YALNIZLIK OKULU dedi ki...

nereye gide blirsin ki geçmişinde senle gierken :(((

özgemor dedi ki...

fotoğraf güzel, ufuk çizgisi yamuk çıkmayaymış. sana mı ait? vapur çok mu sallanıyodu?
bir de kendi kurallarınla kaybetmek lafının geçtiği cümle de günüme damga vurdu. püf.

özgemor dedi ki...

önceki yazında gerçi o laf. neyse. ikinci püf.

anselmo dedi ki...

sabahın köründe avşa'dan çıkıp erdek'e doğru yol alırken geminin kıç tarafından. ortadaki ada avşa.

hayır, sallanmıyordu. ya da evet ama herhangi bir gemi nasıl sallanıyorsa o kadar. belki püfür püfür;)

Adsız dedi ki...

Forrest gump amerikan rüyasını amerikan kaderi haline getiren külttü bence :)

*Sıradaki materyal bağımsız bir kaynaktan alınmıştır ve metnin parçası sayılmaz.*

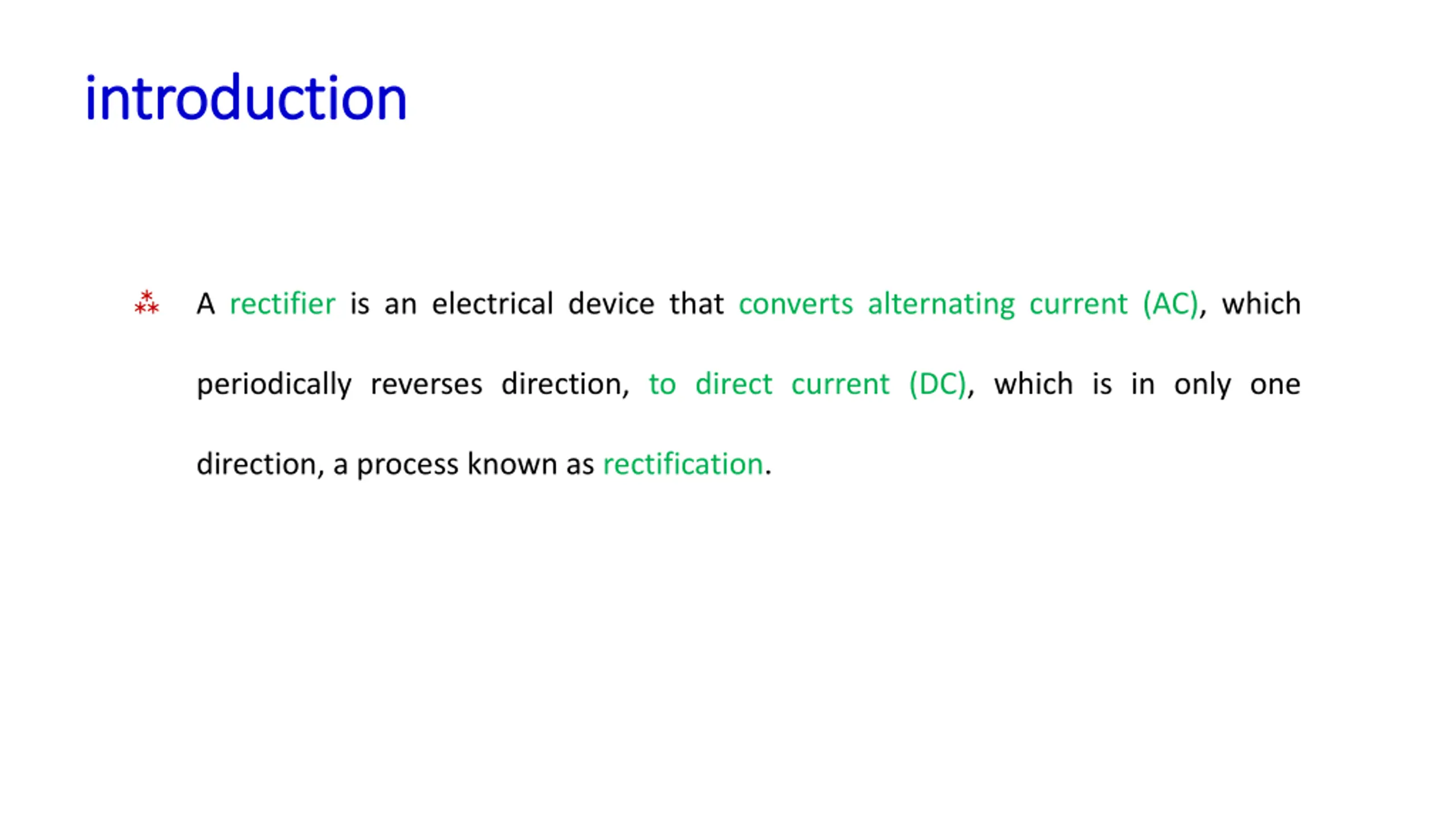 introduction introduction A rectifier is an electrical device that converts alternating current (AC), which periodically reverses direction, to direct current (DC), which is in only one direction, a process known as rectification.

Doğuda akıntıya kapılmış kuru yaprak formu filmde oraya buraya uçuşup duran tüy olarak kendini gösteriyor hatta yani öyle benzeştirmeyi seviyorum belki :P

Kaçmak meselesine gelince asıl istediğin bacağındaki demirden yükleri atmak olmasın ;)

.o.zlem dedi ki...

gelecekte öngördügümüzü sandigimiz sonlar, tecrübelerden ibaret gibi. kacsak da, kesin bir kösede yine karsilasiyoruz/bulusuyoruz, bir gün korkarak bekledigimiz oluyor gelecek denen. ani bir (otobus) yolculuk, dönünce o yola baska giristen katilmak gibi. nerede durdugunun önemi oldugu anda her sey degisebilir. -iste bu da forest gump kismi-

bir zamanlar forest gump'i seven özlem cok konustu.